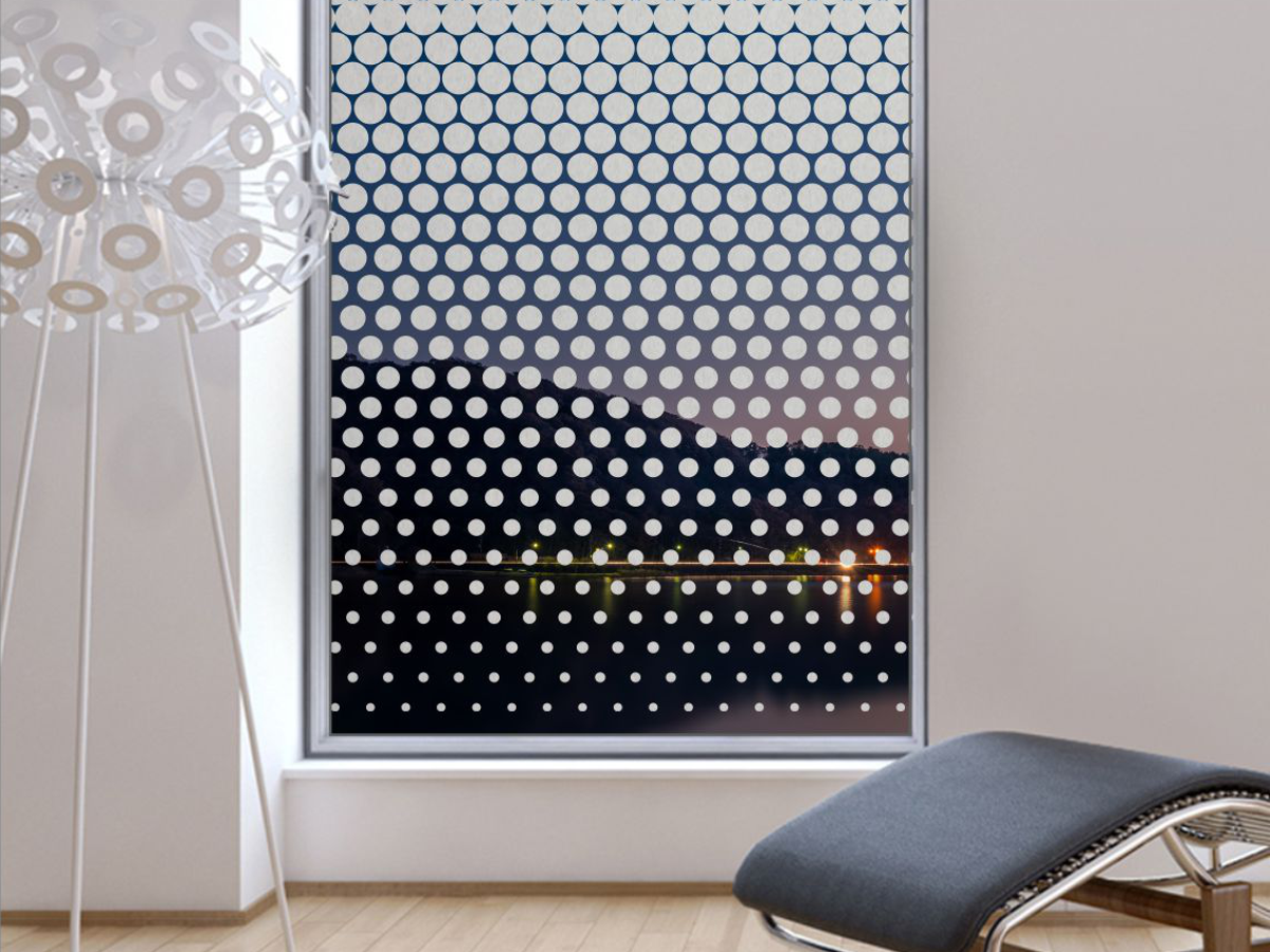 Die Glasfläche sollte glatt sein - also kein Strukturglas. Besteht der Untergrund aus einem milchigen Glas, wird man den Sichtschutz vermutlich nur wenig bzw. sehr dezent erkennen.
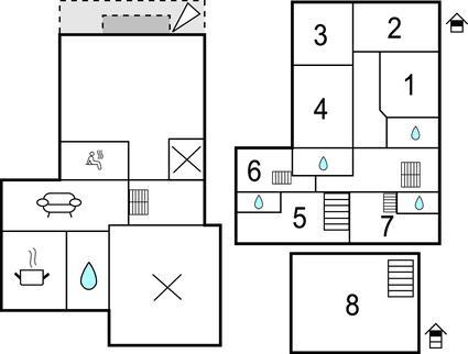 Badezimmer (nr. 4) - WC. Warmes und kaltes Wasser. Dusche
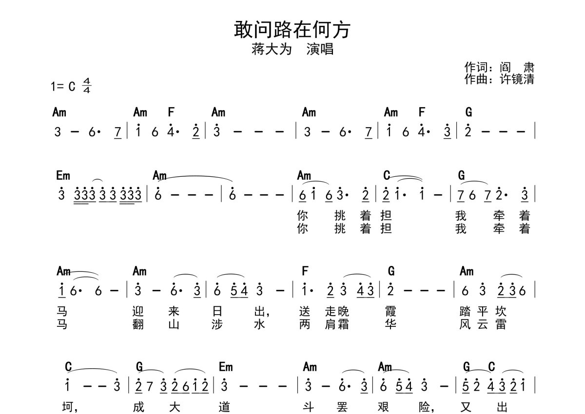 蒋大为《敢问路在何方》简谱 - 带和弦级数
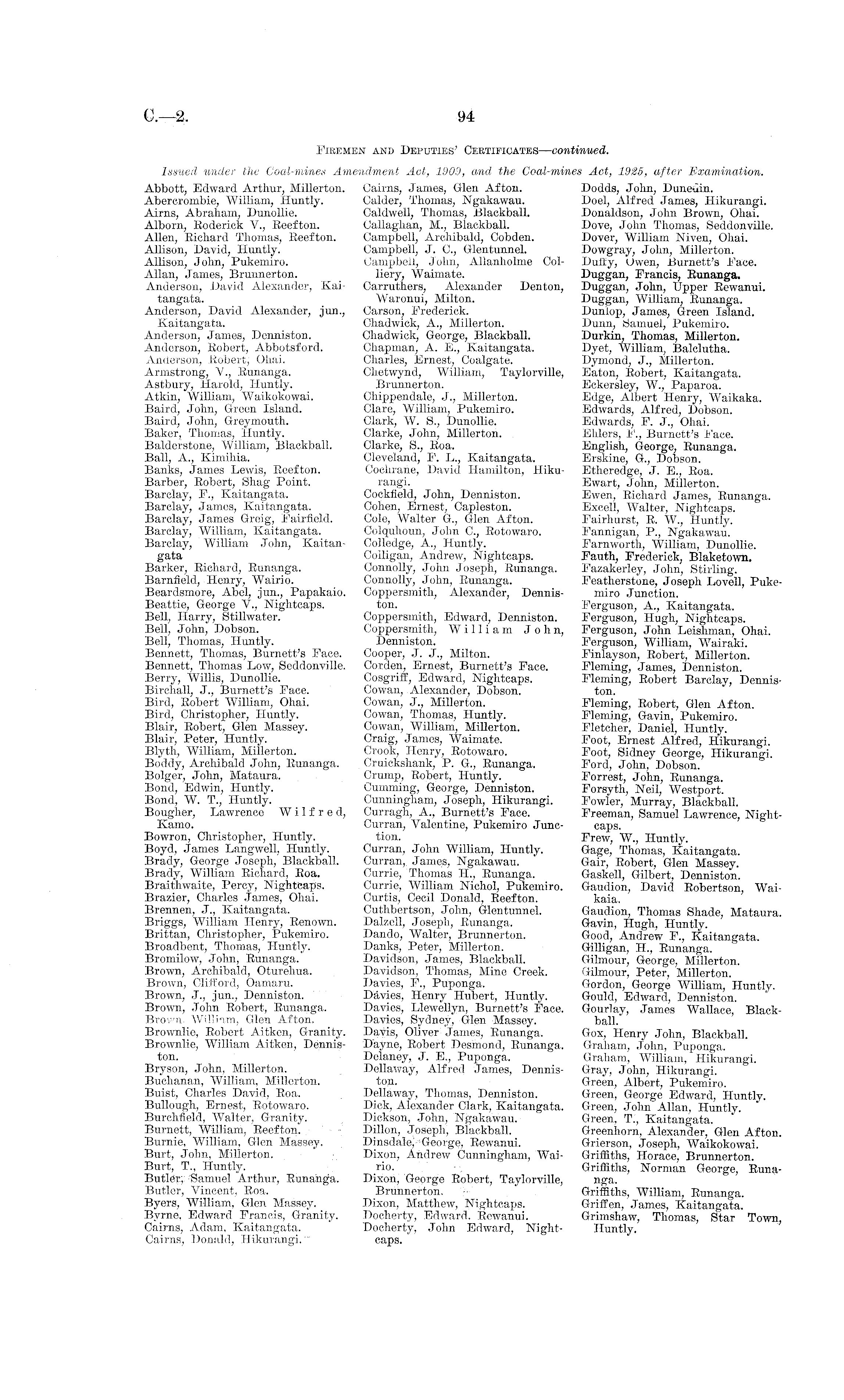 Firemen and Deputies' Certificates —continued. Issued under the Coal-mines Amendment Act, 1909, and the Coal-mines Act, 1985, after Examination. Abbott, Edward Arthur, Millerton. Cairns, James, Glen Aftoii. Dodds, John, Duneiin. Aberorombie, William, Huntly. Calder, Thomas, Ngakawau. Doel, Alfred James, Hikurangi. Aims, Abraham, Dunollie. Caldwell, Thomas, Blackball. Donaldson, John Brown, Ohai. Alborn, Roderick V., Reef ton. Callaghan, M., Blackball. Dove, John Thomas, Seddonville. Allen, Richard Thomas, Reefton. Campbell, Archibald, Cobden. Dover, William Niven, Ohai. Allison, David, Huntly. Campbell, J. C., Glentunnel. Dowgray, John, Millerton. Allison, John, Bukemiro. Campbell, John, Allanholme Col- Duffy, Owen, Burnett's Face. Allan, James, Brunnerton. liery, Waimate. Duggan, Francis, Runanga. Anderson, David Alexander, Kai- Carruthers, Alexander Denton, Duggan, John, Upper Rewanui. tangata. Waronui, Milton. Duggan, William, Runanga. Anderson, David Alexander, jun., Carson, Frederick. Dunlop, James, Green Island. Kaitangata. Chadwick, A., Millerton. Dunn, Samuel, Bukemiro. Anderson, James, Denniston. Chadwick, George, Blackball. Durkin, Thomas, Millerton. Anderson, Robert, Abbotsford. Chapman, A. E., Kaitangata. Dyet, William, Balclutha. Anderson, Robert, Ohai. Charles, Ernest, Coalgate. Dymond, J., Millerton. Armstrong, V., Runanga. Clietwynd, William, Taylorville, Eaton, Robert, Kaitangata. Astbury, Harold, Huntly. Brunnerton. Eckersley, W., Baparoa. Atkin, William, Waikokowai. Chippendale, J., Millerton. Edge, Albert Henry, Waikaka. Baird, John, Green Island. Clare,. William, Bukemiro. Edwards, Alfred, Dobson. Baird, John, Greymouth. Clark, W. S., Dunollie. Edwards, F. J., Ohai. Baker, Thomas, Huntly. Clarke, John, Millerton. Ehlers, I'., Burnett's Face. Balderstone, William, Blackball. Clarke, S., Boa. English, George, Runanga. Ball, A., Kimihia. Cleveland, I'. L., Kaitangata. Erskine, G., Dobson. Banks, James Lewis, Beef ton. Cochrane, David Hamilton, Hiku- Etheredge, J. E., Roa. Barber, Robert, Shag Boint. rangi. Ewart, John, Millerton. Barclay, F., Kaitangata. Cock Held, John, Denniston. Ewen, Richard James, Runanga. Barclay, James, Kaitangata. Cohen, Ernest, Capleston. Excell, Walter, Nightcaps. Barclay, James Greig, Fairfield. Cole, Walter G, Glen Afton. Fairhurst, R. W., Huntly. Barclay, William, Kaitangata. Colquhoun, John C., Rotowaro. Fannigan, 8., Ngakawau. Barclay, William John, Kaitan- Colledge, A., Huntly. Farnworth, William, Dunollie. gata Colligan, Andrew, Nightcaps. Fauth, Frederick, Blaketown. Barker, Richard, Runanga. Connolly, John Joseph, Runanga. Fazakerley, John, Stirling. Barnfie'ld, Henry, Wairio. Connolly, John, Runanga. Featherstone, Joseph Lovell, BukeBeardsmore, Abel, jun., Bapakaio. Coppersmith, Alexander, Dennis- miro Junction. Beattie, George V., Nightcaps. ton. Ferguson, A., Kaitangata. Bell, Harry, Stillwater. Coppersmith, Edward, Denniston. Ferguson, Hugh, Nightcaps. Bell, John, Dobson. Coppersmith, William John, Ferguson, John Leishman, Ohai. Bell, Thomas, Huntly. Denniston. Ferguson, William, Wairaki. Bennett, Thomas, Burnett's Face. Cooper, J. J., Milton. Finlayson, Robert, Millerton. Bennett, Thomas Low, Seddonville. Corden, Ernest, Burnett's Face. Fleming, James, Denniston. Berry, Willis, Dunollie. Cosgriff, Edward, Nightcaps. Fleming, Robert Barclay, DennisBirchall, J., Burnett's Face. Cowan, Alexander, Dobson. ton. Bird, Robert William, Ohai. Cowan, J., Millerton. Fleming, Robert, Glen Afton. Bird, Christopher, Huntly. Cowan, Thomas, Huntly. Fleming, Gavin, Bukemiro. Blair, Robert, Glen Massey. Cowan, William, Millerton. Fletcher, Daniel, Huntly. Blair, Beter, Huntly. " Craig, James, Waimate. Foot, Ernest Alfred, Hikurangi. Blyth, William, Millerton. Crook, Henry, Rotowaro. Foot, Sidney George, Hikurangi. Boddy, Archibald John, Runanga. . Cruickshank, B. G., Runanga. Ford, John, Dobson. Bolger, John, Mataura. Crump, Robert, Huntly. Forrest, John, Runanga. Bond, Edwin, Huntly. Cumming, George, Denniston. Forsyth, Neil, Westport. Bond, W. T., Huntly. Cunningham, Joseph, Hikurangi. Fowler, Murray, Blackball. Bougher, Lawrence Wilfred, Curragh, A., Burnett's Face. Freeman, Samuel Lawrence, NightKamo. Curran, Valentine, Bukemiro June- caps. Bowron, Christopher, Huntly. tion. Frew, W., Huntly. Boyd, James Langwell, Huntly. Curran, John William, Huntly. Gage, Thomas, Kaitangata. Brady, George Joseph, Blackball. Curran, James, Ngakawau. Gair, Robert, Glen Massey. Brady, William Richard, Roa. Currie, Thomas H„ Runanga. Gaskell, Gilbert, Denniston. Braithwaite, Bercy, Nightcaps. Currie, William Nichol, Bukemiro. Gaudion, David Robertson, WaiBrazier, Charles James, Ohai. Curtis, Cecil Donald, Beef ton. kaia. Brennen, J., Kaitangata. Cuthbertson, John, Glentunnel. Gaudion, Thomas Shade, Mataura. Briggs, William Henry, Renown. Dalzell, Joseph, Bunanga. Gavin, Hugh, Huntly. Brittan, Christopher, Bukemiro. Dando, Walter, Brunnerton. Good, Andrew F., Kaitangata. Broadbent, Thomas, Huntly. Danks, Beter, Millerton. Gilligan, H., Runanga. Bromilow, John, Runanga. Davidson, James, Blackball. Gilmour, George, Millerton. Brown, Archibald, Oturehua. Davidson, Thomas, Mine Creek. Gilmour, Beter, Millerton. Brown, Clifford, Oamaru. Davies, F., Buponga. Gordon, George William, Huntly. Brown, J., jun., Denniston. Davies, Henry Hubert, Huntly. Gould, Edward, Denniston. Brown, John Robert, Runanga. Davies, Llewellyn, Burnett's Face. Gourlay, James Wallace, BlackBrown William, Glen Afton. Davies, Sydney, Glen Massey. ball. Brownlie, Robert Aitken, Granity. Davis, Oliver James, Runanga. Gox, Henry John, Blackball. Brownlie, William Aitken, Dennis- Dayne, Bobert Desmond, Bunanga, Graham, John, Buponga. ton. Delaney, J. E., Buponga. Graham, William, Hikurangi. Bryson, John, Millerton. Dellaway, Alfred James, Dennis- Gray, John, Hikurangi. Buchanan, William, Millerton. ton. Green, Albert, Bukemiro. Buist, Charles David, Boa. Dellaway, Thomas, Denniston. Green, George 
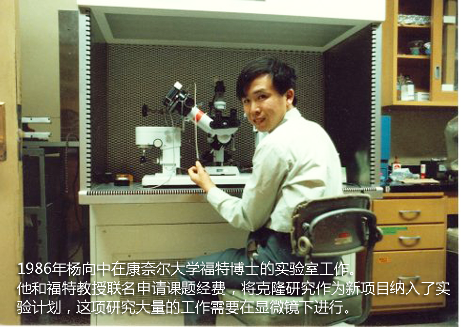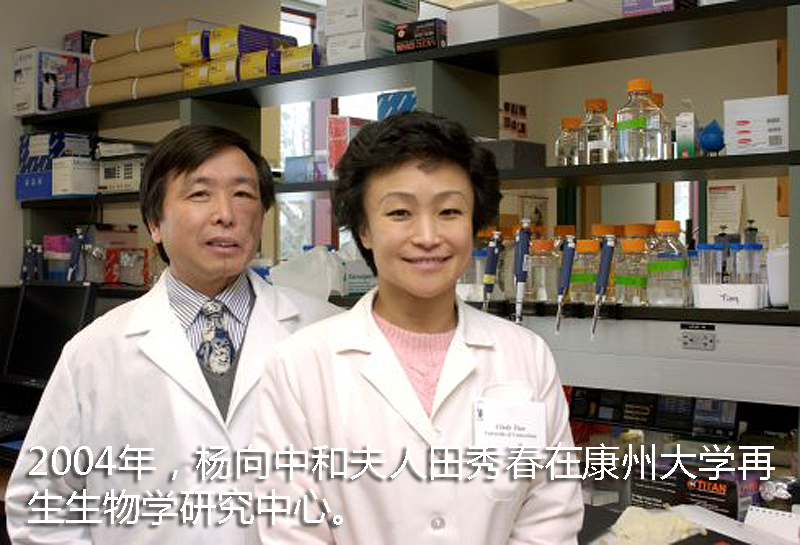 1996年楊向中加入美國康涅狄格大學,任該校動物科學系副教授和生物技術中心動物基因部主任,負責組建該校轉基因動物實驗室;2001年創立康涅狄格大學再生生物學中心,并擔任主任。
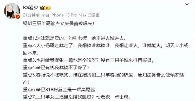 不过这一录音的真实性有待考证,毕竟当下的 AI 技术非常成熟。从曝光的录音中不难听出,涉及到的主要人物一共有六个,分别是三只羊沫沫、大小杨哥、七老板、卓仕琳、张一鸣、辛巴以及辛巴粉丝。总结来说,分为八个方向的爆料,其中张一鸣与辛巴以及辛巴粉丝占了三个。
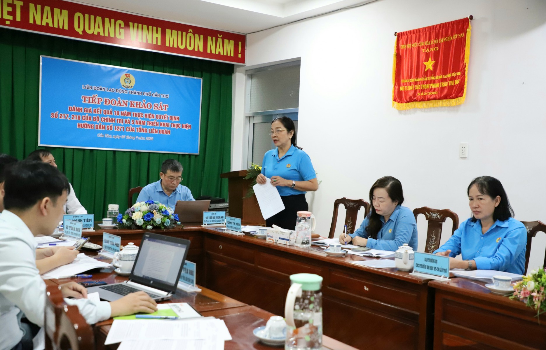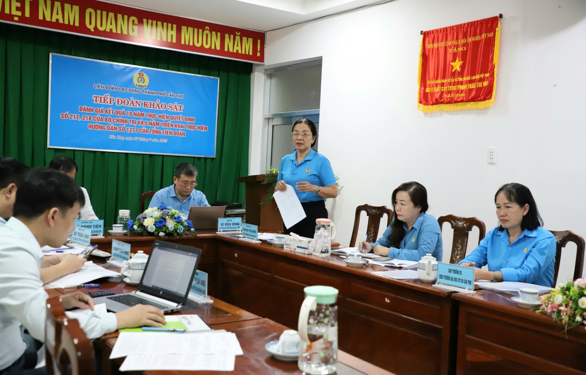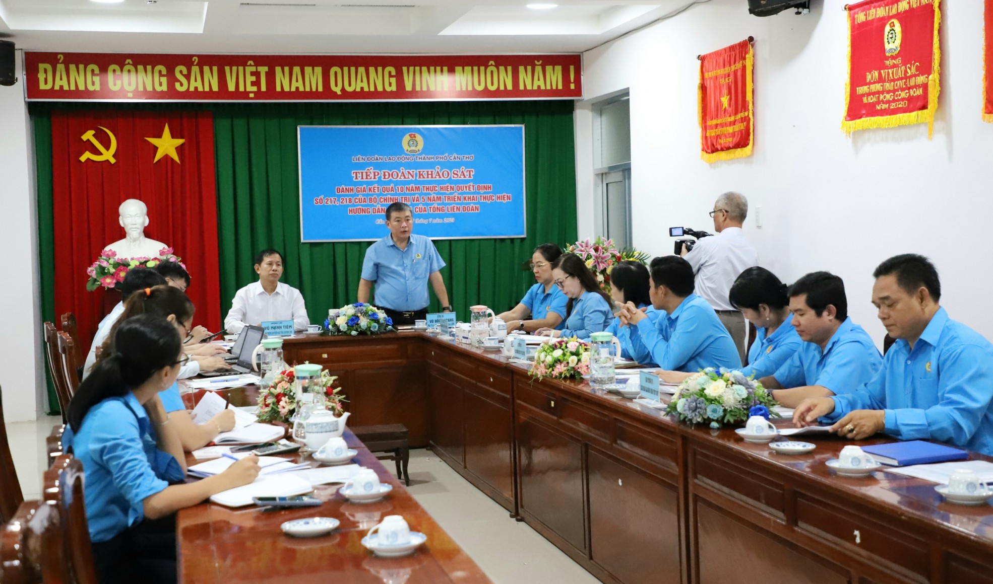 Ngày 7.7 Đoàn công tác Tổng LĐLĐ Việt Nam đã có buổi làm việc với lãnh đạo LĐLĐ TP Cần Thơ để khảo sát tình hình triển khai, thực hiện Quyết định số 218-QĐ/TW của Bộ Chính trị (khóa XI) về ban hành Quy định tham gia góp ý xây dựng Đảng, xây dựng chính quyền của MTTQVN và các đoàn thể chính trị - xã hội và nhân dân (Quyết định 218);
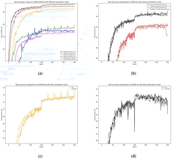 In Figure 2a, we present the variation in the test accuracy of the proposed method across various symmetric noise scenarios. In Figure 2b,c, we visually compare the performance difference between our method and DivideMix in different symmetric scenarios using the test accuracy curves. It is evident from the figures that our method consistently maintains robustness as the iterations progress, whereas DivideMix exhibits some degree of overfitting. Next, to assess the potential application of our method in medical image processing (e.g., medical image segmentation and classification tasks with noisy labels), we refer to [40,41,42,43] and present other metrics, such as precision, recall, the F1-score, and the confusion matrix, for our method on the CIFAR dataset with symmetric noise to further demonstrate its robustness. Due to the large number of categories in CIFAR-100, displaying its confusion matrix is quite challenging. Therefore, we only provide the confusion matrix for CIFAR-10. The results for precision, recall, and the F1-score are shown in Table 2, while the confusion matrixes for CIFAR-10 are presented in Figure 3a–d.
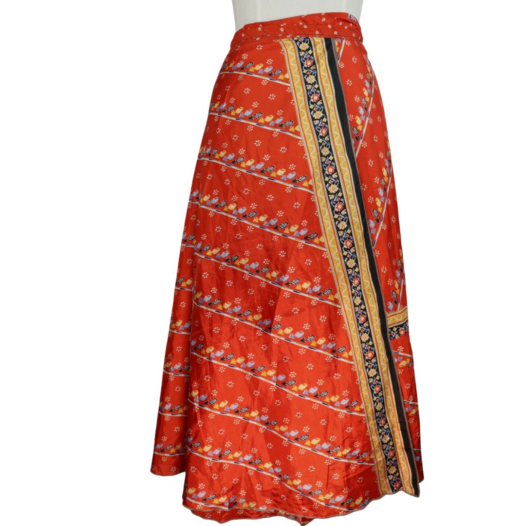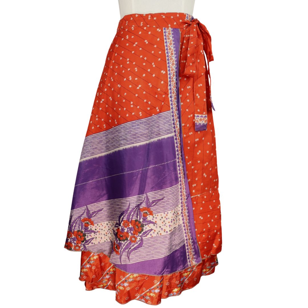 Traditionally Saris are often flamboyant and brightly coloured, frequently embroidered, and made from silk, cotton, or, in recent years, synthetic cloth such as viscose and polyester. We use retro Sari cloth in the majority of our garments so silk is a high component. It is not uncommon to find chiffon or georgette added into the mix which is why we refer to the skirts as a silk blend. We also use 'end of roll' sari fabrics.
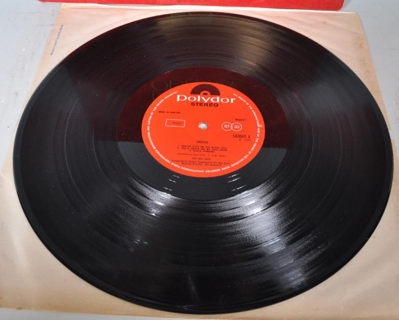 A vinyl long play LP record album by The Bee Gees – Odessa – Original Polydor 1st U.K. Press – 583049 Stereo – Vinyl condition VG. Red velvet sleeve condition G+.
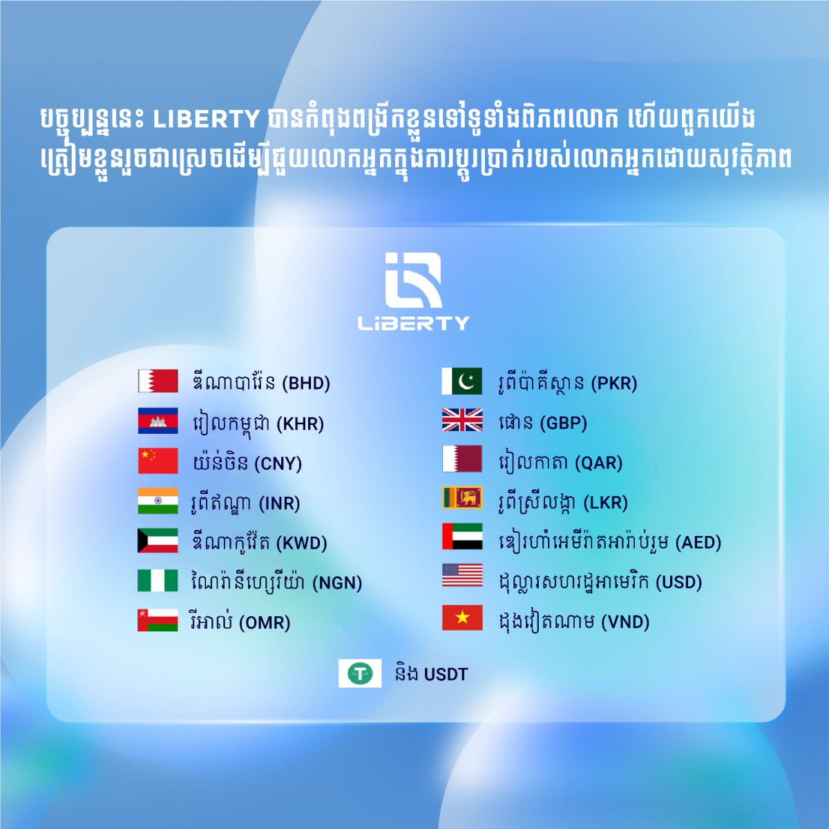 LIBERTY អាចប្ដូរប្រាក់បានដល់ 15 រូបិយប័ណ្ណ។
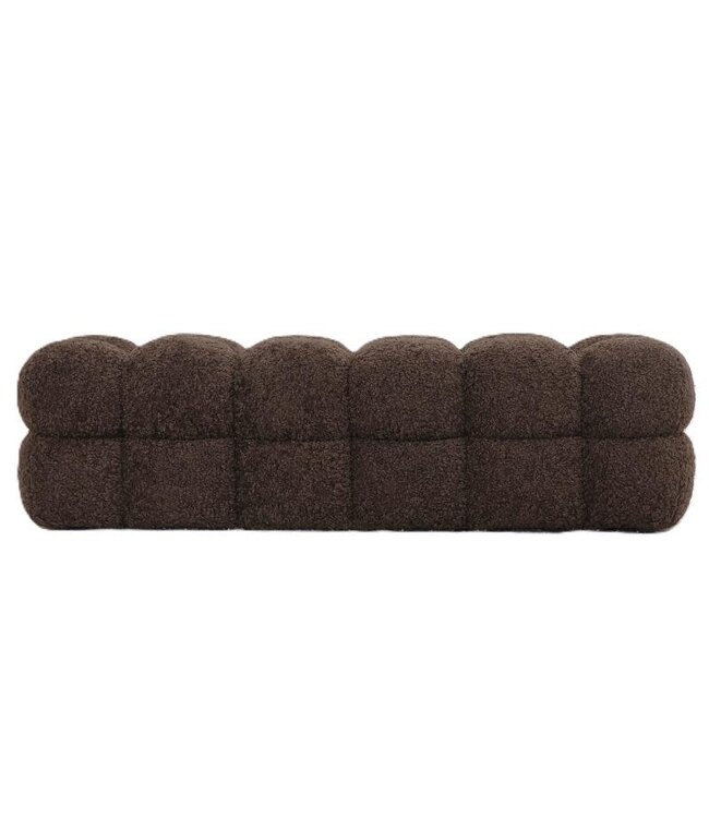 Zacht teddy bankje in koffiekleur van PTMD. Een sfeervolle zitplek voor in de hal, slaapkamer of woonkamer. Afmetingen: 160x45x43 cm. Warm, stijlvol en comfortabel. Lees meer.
____________
Starting with the line that holds "Traditionally Saris are", repeat exactly every line through the end of the material above, both ends included, without the pictures.

*Exercise result*:
 Traditionally Saris are often flamboyant and brightly coloured, frequently embroidered, and made from silk, cotton, or, in recent years, synthetic cloth such as viscose and polyester. We use retro Sari cloth in the majority of our garments so silk is a high component. It is not uncommon to find chiffon or georgette added into the mix which is why we refer to the skirts as a silk blend. We also use 'end of roll' sari fabrics.
 A vinyl long play LP record album by The Bee Gees – Odessa – Original Polydor 1st U.K. Press – 583049 Stereo – Vinyl condition VG. Red velvet sleeve condition G+.
 LIBERTY អាចប្ដូរប្រាក់បានដល់ 15 រូបិយប័ណ្ណ។
 Zacht teddy bankje in koffiekleur van PTMD. Een sfeervolle zitplek voor in de hal, slaapkamer of woonkamer. Afmetingen: 160x45x43 cm. Warm, stijlvol en comfortabel. Lees meer.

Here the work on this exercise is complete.